— WHAT THE TASK ASKS —
Repeat, please, exactly the lines from the one that has "У Ринфолтил есть" through the end of the records below, with pictures dropped.

╭──

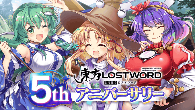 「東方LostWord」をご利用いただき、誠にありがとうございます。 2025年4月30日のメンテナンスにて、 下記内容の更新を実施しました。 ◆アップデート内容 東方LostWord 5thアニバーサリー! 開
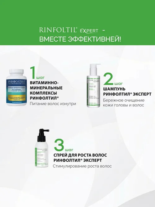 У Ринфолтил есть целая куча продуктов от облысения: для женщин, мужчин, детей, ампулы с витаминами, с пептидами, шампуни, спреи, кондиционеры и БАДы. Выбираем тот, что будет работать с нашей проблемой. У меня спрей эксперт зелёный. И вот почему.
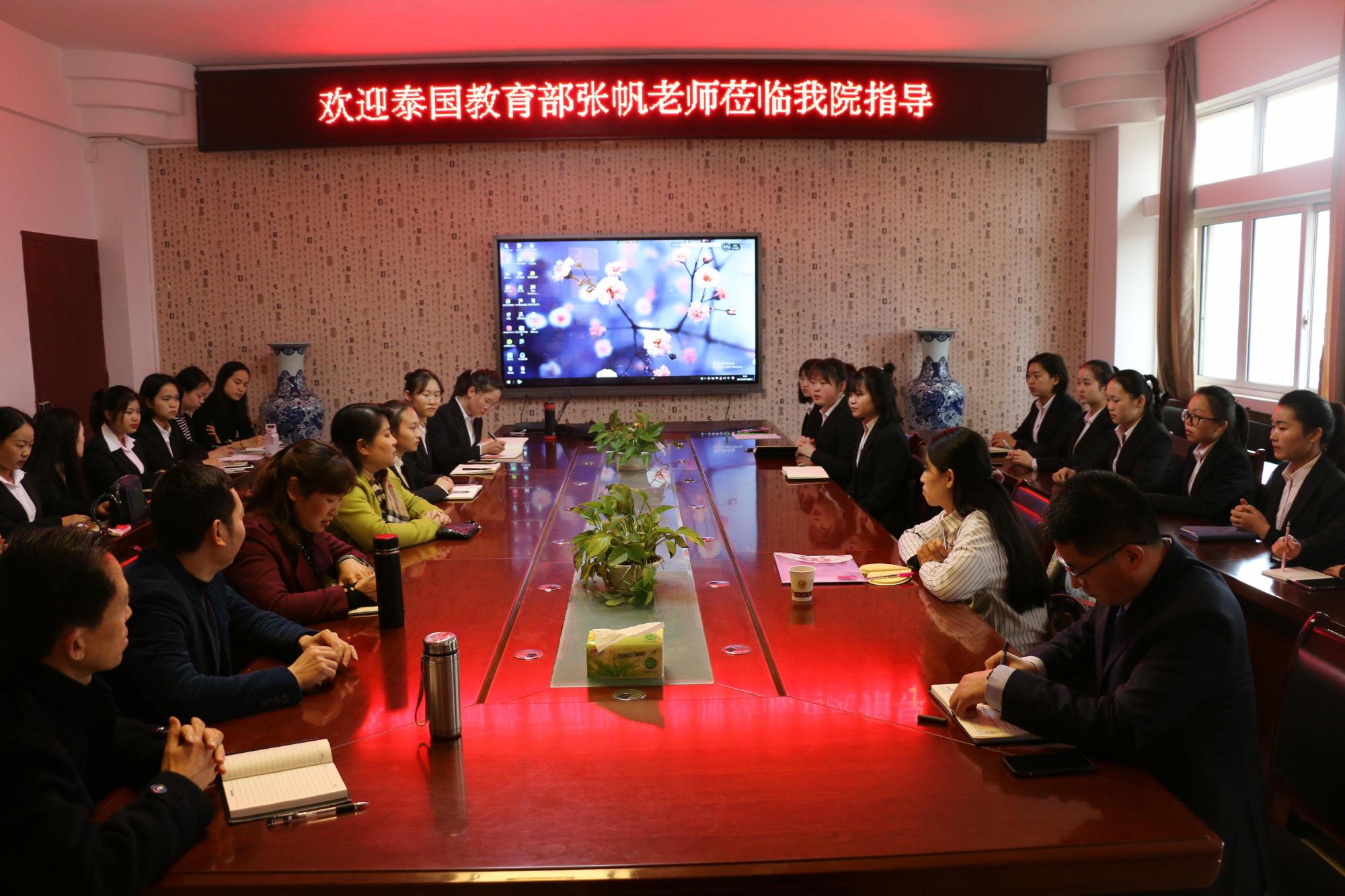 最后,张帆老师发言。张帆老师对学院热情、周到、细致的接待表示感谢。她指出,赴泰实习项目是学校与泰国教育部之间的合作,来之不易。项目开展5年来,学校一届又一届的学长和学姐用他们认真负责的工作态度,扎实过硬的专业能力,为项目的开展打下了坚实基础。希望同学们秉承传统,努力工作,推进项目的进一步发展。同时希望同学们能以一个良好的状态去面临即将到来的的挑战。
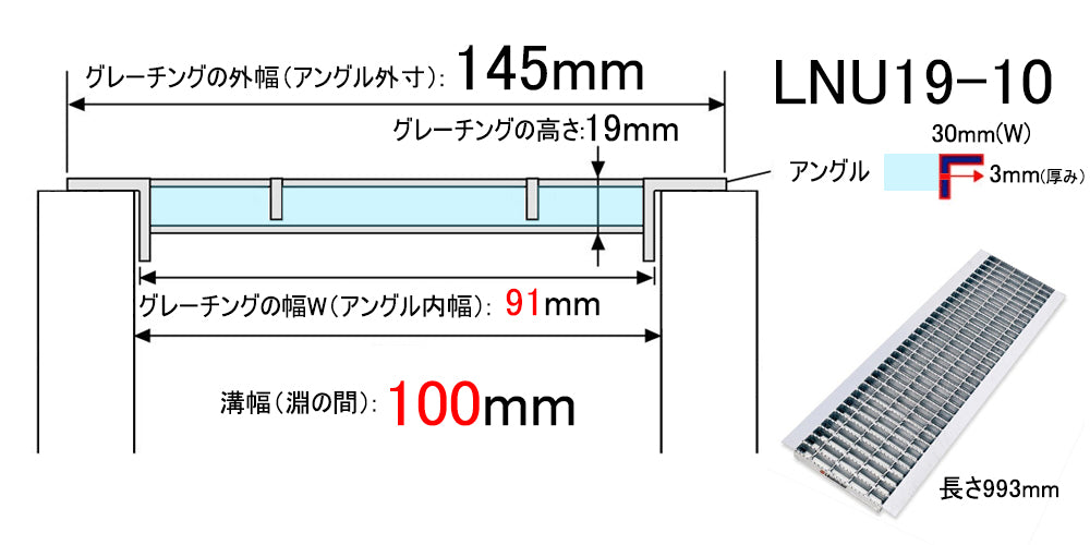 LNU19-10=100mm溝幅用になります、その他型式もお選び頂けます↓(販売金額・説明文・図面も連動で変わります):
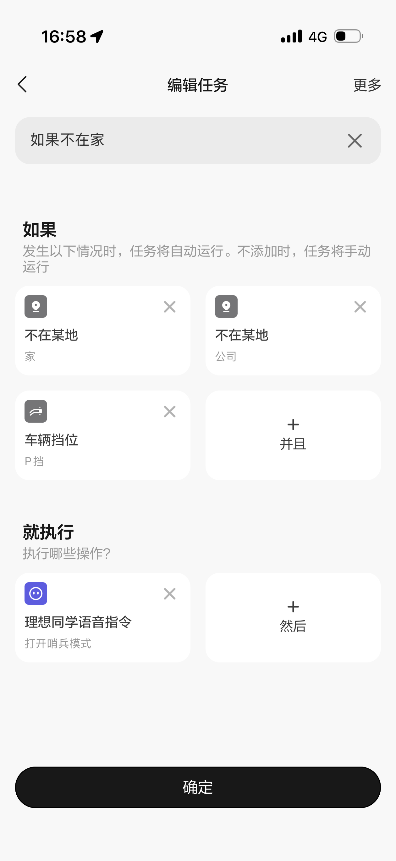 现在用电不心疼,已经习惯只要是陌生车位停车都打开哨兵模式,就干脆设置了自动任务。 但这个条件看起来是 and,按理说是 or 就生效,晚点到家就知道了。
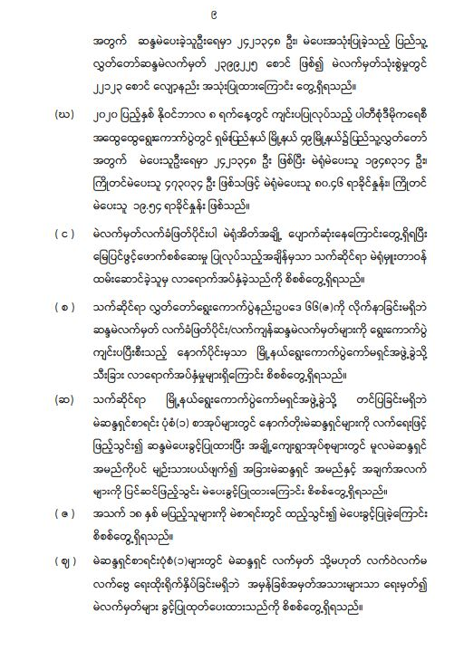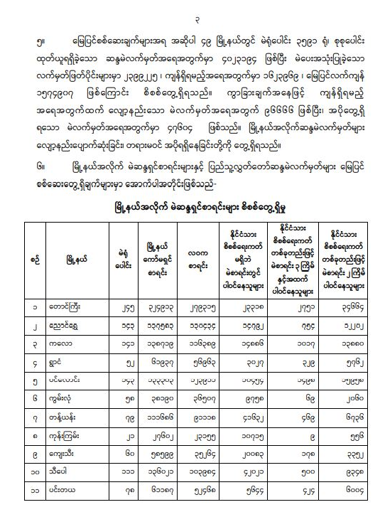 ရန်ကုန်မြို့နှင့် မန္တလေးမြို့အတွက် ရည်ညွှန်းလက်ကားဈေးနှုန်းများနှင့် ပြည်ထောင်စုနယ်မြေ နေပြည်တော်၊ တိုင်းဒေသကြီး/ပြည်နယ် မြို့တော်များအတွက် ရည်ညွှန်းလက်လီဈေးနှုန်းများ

╰──

— SOLUTION FOR THIS EXERCISE —
 У Ринфолтил есть целая куча продуктов от облысения: для женщин, мужчин, детей, ампулы с витаминами, с пептидами, шампуни, спреи, кондиционеры и БАДы. Выбираем тот, что будет работать с нашей проблемой. У меня спрей эксперт зелёный. И вот почему.
 最后,张帆老师发言。张帆老师对学院热情、周到、细致的接待表示感谢。她指出,赴泰实习项目是学校与泰国教育部之间的合作,来之不易。项目开展5年来,学校一届又一届的学长和学姐用他们认真负责的工作态度,扎实过硬的专业能力,为项目的开展打下了坚实基础。希望同学们秉承传统,努力工作,推进项目的进一步发展。同时希望同学们能以一个良好的状态去面临即将到来的的挑战。
 LNU19-10=100mm溝幅用になります、その他型式もお選び頂けます↓(販売金額・説明文・図面も連動で変わります):
 现在用电不心疼,已经习惯只要是陌生车位停车都打开哨兵模式,就干脆设置了自动任务。 但这个条件看起来是 and,按理说是 or 就生效,晚点到家就知道了。
 ရန်ကုန်မြို့နှင့် မန္တလေးမြို့အတွက် ရည်ညွှန်းလက်ကားဈေးနှုန်းများနှင့် ပြည်ထောင်စုနယ်မြေ နေပြည်တော်၊ တိုင်းဒေသကြီး/ပြည်နယ် မြို့တော်များအတွက် ရည်ညွှန်းလက်လီဈေးနှုန်းများ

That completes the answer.